• **ENTRIES SUPPLIED**
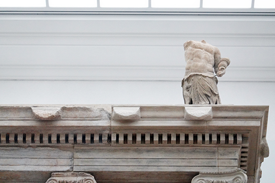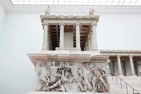 Das Pergamonmuseum mit seinem namengebenden späthellenistischen Altar sollte nach 1900 gegenüber dem Alten Museum aus dem frühen 19. Jahrhundert die Geschichte der Antike neu ordnen. Anders, salopp formuliert: Die Akropolis in Athen ließ sich schlecht im „Spree-Athen“ (Berlin) nachbauen.[4] Aber den zertrümmerten Pergamonaltar als eine Art Erlebniswelt mit antikem Komikstrip als zentrales Ausstellungsstück konnte in Berlin als ein großes Puzzle auf höchst eindrucksvolle Weise zusammengesetzt werden. Deutsche Altertumsforschung und Altertumswissenschaft konstruierten einen begehbaren imposanten Raum, wie ihn kein Mensch je zuvor gesehen hatte. Zwar hatten selbst die Attaliden den Altarbau nicht abschließen können, was am Gesims auffällt, weil die üblichen Löwenköpfe nicht ausgeführt wurden. War der Pergamonaltar eine Bauruine geblieben? Aber die Reste ließen sich ergänzend für das 20. Jahrhundert zum Altar zusammen Der Fries nach dem Mythos der Gigantomachie umschloss auf der Rückseite den Altarsockel und wurde nun – quasi umgestülpt – zur Einschließung des Erlebnisraumes. In den Archiven des Museums lagerten andere umfangreiche Sammlungen. Doch erst nach der Generalinstandsetzung wird ein schlüssiges Konzept der Baugeschichten erstmals präsentiert werden.
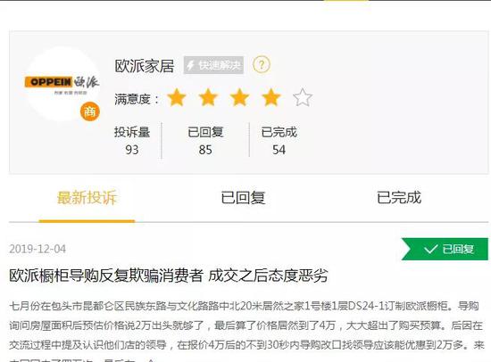 时间财经查阅发现,在黑猫投诉平台,欧派家居投诉量达93条,主要问题包括产品质量、甲醛异味、售后等。
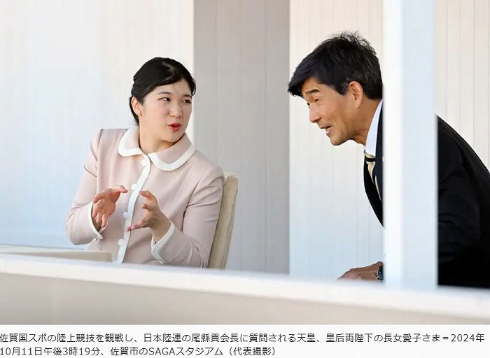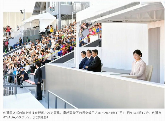 11日は佐賀市のスタジアムで、成年男子やり投げの決勝などをご観戦。愛子さまは説明者の話を聞きながら、熱心にご覧になった。会場を出る際には「テレビで感じることができない足音まで聞こえて感激しました」と感想を伝えられた。
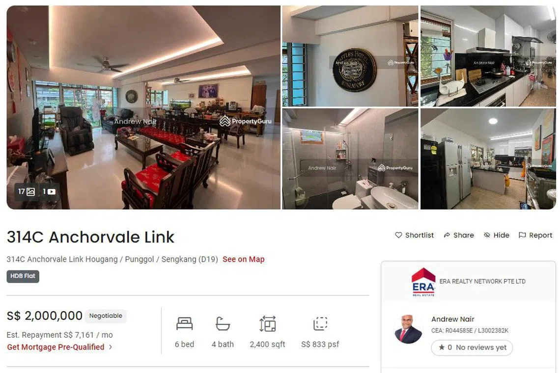 The listing on the PropertyGuru platform for a 2,400 sq ft jumbo flat in Block 314C Anchorvale Link with six bedrooms and four bathrooms was “misleading”, as there are no such flats in the block, the authorities said.
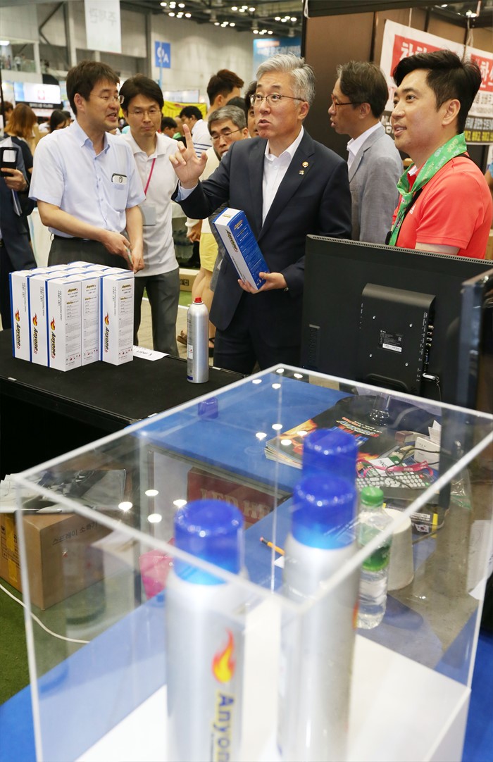| △ 캠핑용품 전시관 둘러보는 김종덕 장관 |
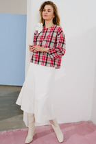 Костюм женский 2х предметный состоит из жакета и брюк. Жакет прилегающего кроя, по полочке жакета расположены прорезные карманы с клапанами. Горловина - отложной воротник с лацканами. Рукав втачной длинный. Застежка петля-пуговица. Брюки прямого кроя с высокой посадкой, на притачном поясе со вставками эластичной тесьмы. в боковых швах брюк -палаццо имеются карманы. Застежка молния на гульфике, петля-пуговица. Жакет без подкладки.
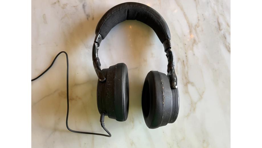 Maar die inspiratie begint dus met m’n koptelefoon. Kapotgebeten door onze hond. Maar hij doet het nog, dus hou ik ‘m op. WOOF WOOF!'
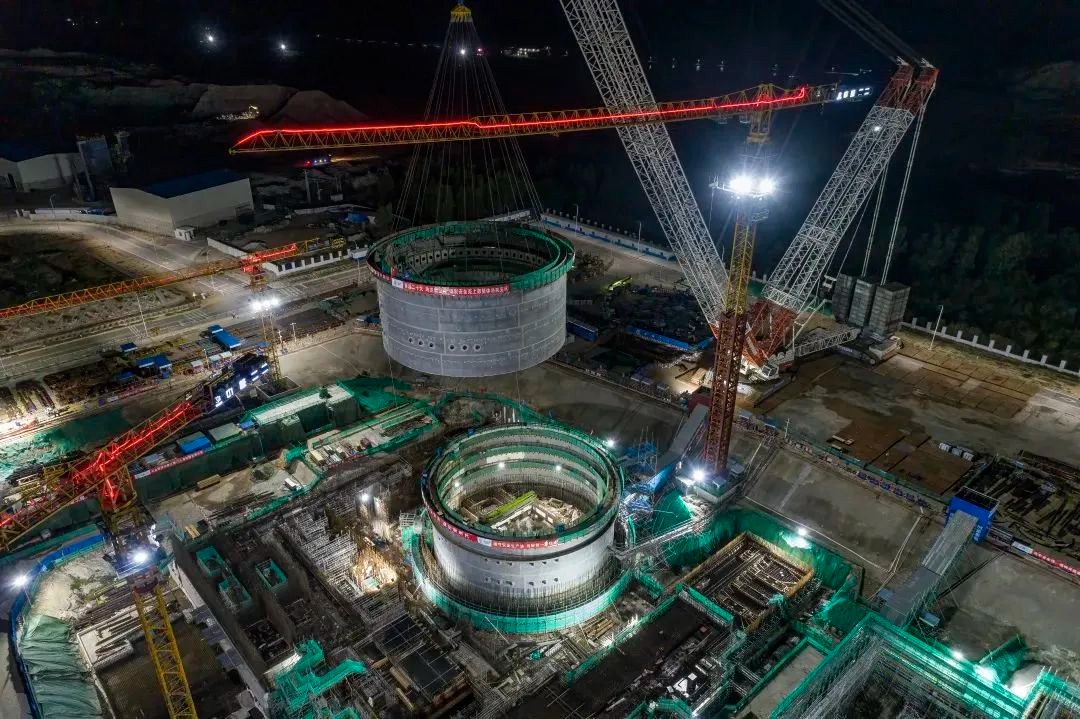 本次吊裝的鋼制安全殼上部筒體整體高度約15米,吊裝重量約720噸,是玲龍一號(hào)工程單次重量最大的一次吊裝。鋼制安全殼上部筒體整體由4層共32個(gè)瓣片拼裝而成,現(xiàn)場(chǎng)采用了工廠化制造、模塊化施工的先進(jìn)建設(shè)模式,優(yōu)化了現(xiàn)場(chǎng)施工邏輯,有效節(jié)約了現(xiàn)場(chǎng)施工工期,為反應(yīng)堆土建結(jié)構(gòu)與鋼結(jié)構(gòu)協(xié)同推進(jìn)創(chuàng)造了條件。
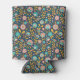 Este diseño de arte folclórico presenta un patrón floral rosa, naranja y verde azulado sobre un fondo azul oscuro.
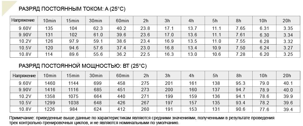 Срок службы: 200-250 циклов "заряд-разряд" при 100% разряде или до 6 лет в буферном режиме.
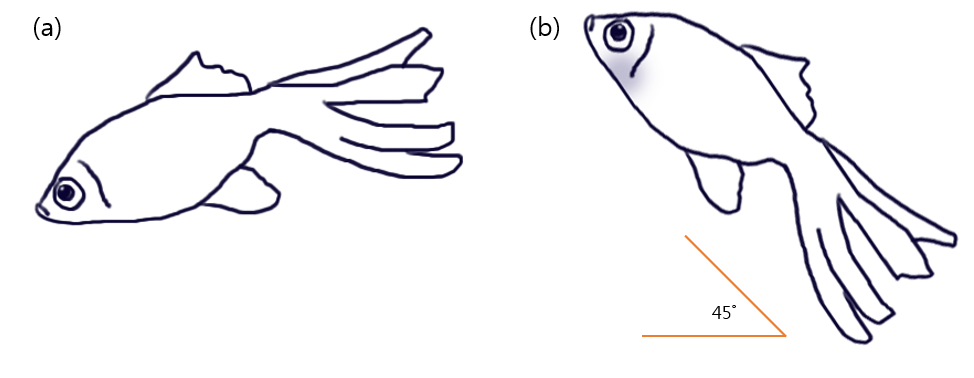 어항 가까이 갔더니 이상한 자세로 수영을 한다. 고개를 들고 비스듬하고 극성스럽게 수영한다.
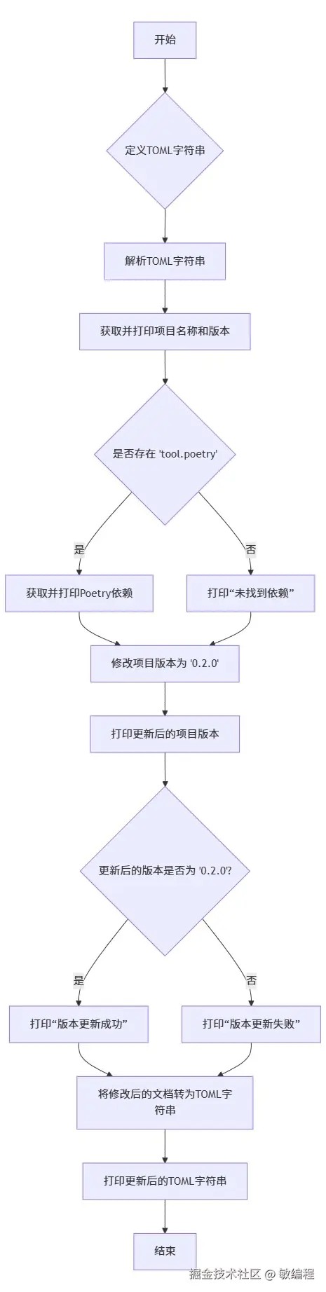 文章介绍了TOML格式及其Python库tomlkit,应用于项目配置管理、应用程序配置、自动化脚本等场景,提供了安装方法、示例代码和学习资源,并附带了在线运行代码和流程图,需要的朋友可以参考下
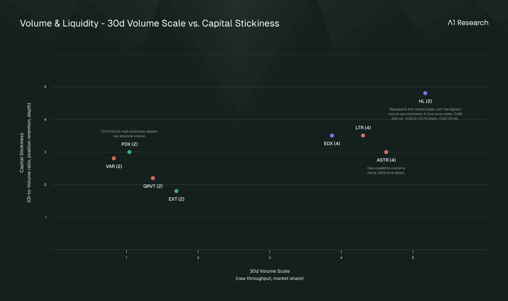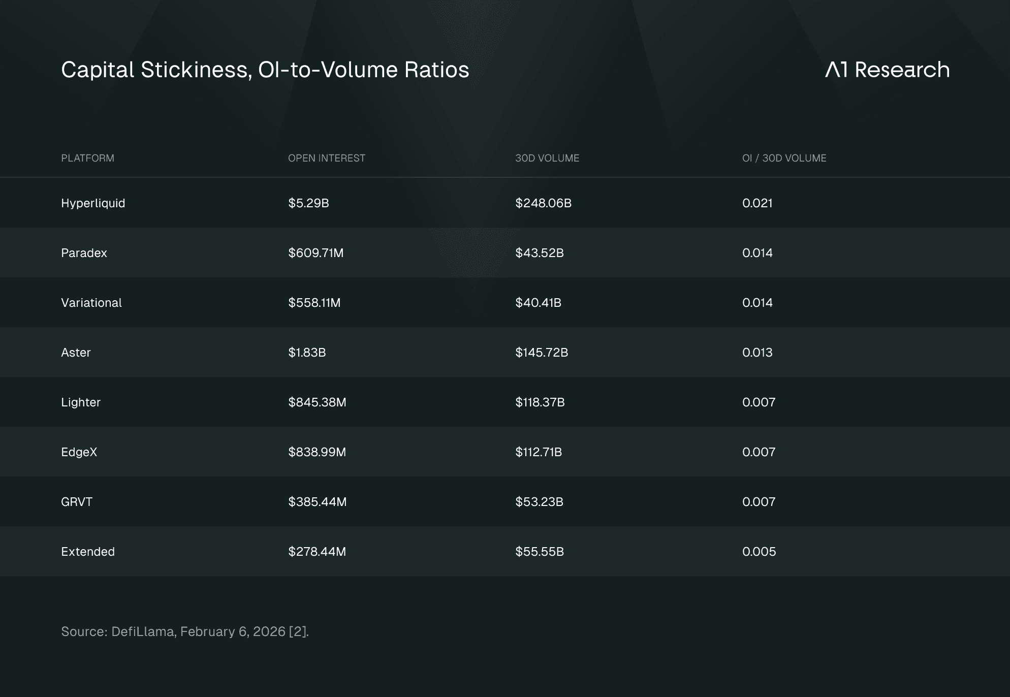 Capital stickiness separates real positioning from incentive churn. OI-to-30d-Volume ratios reveal a tiered market: Hyperliquid (0.021) leads by a wide margin, Paradex and Variational (both 0.014) form a second tier, while the bottom four cluster at 0.005-0.007.
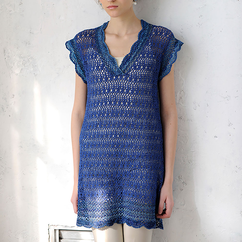 リネンとレーヨン混のリリヤーンをベースに編んだかぎ針あみのチュニック。縁回りに別素材でアクセントつけて。
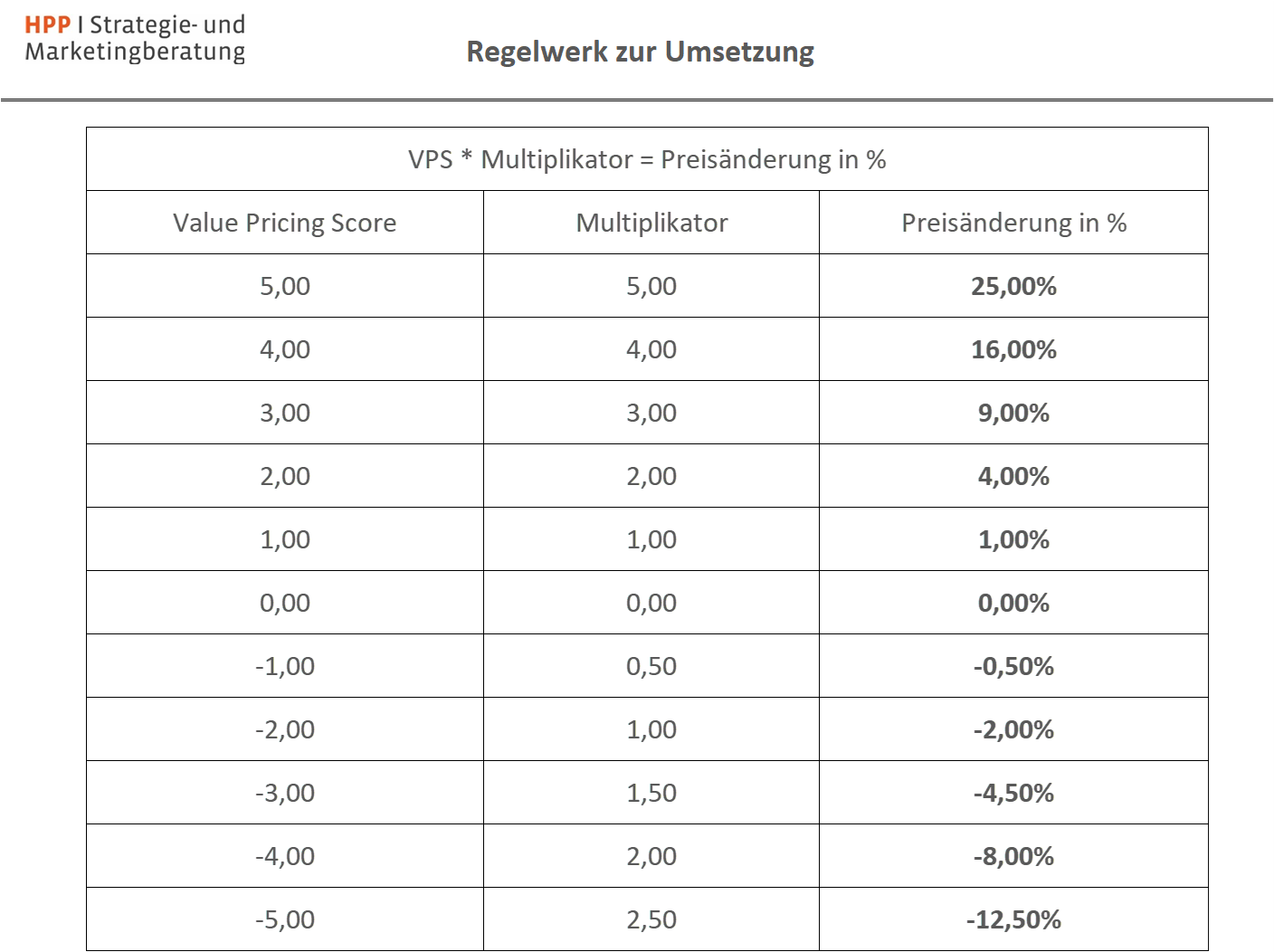 HPP verwendet für die Preisbestimmung mittels Value-Based-Pricing den sog. Value-Pricing-Score. Bei dieser Methode wird ein Gewichtungsfaktor (Score) aus allen preisrelevanten Kriterien berechnet, die unter anderem die relative Wettbewerbsstärke, den Kundennutzen und eine Einschätzung des Produktes/der Dienstleistung aus Vertriebssicht einschließen.
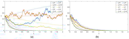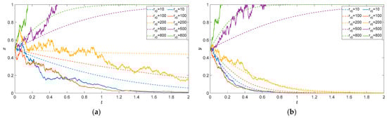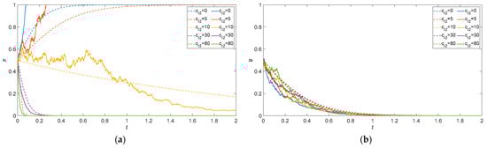In order to confirm the correctness of the above theoretical derivation and verify the validity of the model, the decision-making evolution process of the two sides of the game is simulated and analyzed by Matlab 2023b (developed by MathWorks, Natick, MA, USA). Before the numerical simulation, it is necessary to initialize the numerical simulation according to the system stability constraints, so the following values are based on the previous constraints. The initial selection probability of both players of the game is set to , the intensity coefficients of random environmental disturbances are taken as , the step size of the simulation is 1, and the other parameters are set to values that satisfy the stability of Equations (17) and (18) according to the constraints. The specific values of the relevant parameters are: , , , , ; , , , , , , ; . Figure 3 shows the dynamic evolution process of the game player strategy under the conditions of different interference intensities.
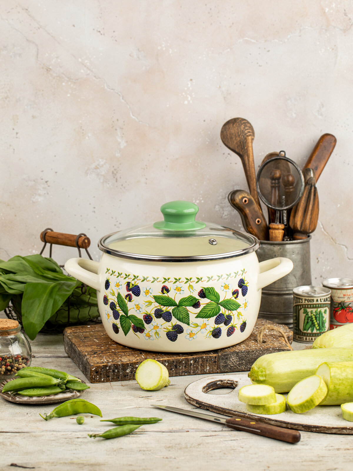 СохранитьКастрюля глубокая эмалированная со стеклянной крышкой, 2,4 л, Ежевика интересное:

• **YOUR GOAL**
Write out all of the data above exactly, without any of its pictures.

• **COMPLETED TASK**
 Das Pergamonmuseum mit seinem namengebenden späthellenistischen Altar sollte nach 1900 gegenüber dem Alten Museum aus dem frühen 19. Jahrhundert die Geschichte der Antike neu ordnen. Anders, salopp formuliert: Die Akropolis in Athen ließ sich schlecht im „Spree-Athen“ (Berlin) nachbauen.[4] Aber den zertrümmerten Pergamonaltar als eine Art Erlebniswelt mit antikem Komikstrip als zentrales Ausstellungsstück konnte in Berlin als ein großes Puzzle auf höchst eindrucksvolle Weise zusammengesetzt werden. Deutsche Altertumsforschung und Altertumswissenschaft konstruierten einen begehbaren imposanten Raum, wie ihn kein Mensch je zuvor gesehen hatte. Zwar hatten selbst die Attaliden den Altarbau nicht abschließen können, was am Gesims auffällt, weil die üblichen Löwenköpfe nicht ausgeführt wurden. War der Pergamonaltar eine Bauruine geblieben? Aber die Reste ließen sich ergänzend für das 20. Jahrhundert zum Altar zusammen Der Fries nach dem Mythos der Gigantomachie umschloss auf der Rückseite den Altarsockel und wurde nun – quasi umgestülpt – zur Einschließung des Erlebnisraumes. In den Archiven des Museums lagerten andere umfangreiche Sammlungen. Doch erst nach der Generalinstandsetzung wird ein schlüssiges Konzept der Baugeschichten erstmals präsentiert werden.
 时间财经查阅发现,在黑猫投诉平台,欧派家居投诉量达93条,主要问题包括产品质量、甲醛异味、售后等。
 11日は佐賀市のスタジアムで、成年男子やり投げの決勝などをご観戦。愛子さまは説明者の話を聞きながら、熱心にご覧になった。会場を出る際には「テレビで感じることができない足音まで聞こえて感激しました」と感想を伝えられた。
 The listing on the PropertyGuru platform for a 2,400 sq ft jumbo flat in Block 314C Anchorvale Link with six bedrooms and four bathrooms was “misleading”, as there are no such flats in the block, the authorities said.
| △ 캠핑용품 전시관 둘러보는 김종덕 장관 |
 Костюм женский 2х предметный состоит из жакета и брюк. Жакет прилегающего кроя, по полочке жакета расположены прорезные карманы с клапанами. Горловина - отложной воротник с лацканами. Рукав втачной длинный. Застежка петля-пуговица. Брюки прямого кроя с высокой посадкой, на притачном поясе со вставками эластичной тесьмы. в боковых швах брюк -палаццо имеются карманы. Застежка молния на гульфике, петля-пуговица. Жакет без подкладки.
 Maar die inspiratie begint dus met m’n koptelefoon. Kapotgebeten door onze hond. Maar hij doet het nog, dus hou ik ‘m op. WOOF WOOF!'
 本次吊裝的鋼制安全殼上部筒體整體高度約15米,吊裝重量約720噸,是玲龍一號(hào)工程單次重量最大的一次吊裝。鋼制安全殼上部筒體整體由4層共32個(gè)瓣片拼裝而成,現(xiàn)場(chǎng)采用了工廠化制造、模塊化施工的先進(jìn)建設(shè)模式,優(yōu)化了現(xiàn)場(chǎng)施工邏輯,有效節(jié)約了現(xiàn)場(chǎng)施工工期,為反應(yīng)堆土建結(jié)構(gòu)與鋼結(jié)構(gòu)協(xié)同推進(jìn)創(chuàng)造了條件。
 Este diseño de arte folclórico presenta un patrón floral rosa, naranja y verde azulado sobre un fondo azul oscuro.
 Срок службы: 200-250 циклов "заряд-разряд" при 100% разряде или до 6 лет в буферном режиме.
 어항 가까이 갔더니 이상한 자세로 수영을 한다. 고개를 들고 비스듬하고 극성스럽게 수영한다.
 文章介绍了TOML格式及其Python库tomlkit,应用于项目配置管理、应用程序配置、自动化脚本等场景,提供了安装方法、示例代码和学习资源,并附带了在线运行代码和流程图,需要的朋友可以参考下
 Capital stickiness separates real positioning from incentive churn. OI-to-30d-Volume ratios reveal a tiered market: Hyperliquid (0.021) leads by a wide margin, Paradex and Variational (both 0.014) form a second tier, while the bottom four cluster at 0.005-0.007.
 リネンとレーヨン混のリリヤーンをベースに編んだかぎ針あみのチュニック。縁回りに別素材でアクセントつけて。
 HPP verwendet für die Preisbestimmung mittels Value-Based-Pricing den sog. Value-Pricing-Score. Bei dieser Methode wird ein Gewichtungsfaktor (Score) aus allen preisrelevanten Kriterien berechnet, die unter anderem die relative Wettbewerbsstärke, den Kundennutzen und eine Einschätzung des Produktes/der Dienstleistung aus Vertriebssicht einschließen.
In order to confirm the correctness of the above theoretical derivation and verify the validity of the model, the decision-making evolution process of the two sides of the game is simulated and analyzed by Matlab 2023b (developed by MathWorks, Natick, MA, USA). Before the numerical simulation, it is necessary to initialize the numerical simulation according to the system stability constraints, so the following values are based on the previous constraints. The initial selection probability of both players of the game is set to , the intensity coefficients of random environmental disturbances are taken as , the step size of the simulation is 1, and the other parameters are set to values that satisfy the stability of Equations (17) and (18) according to the constraints. The specific values of the relevant parameters are: , , , , ; , , , , , , ; . Figure 3 shows the dynamic evolution process of the game player strategy under the conditions of different interference intensities.
 СохранитьКастрюля глубокая эмалированная со стеклянной крышкой, 2,4 л, Ежевика интересное:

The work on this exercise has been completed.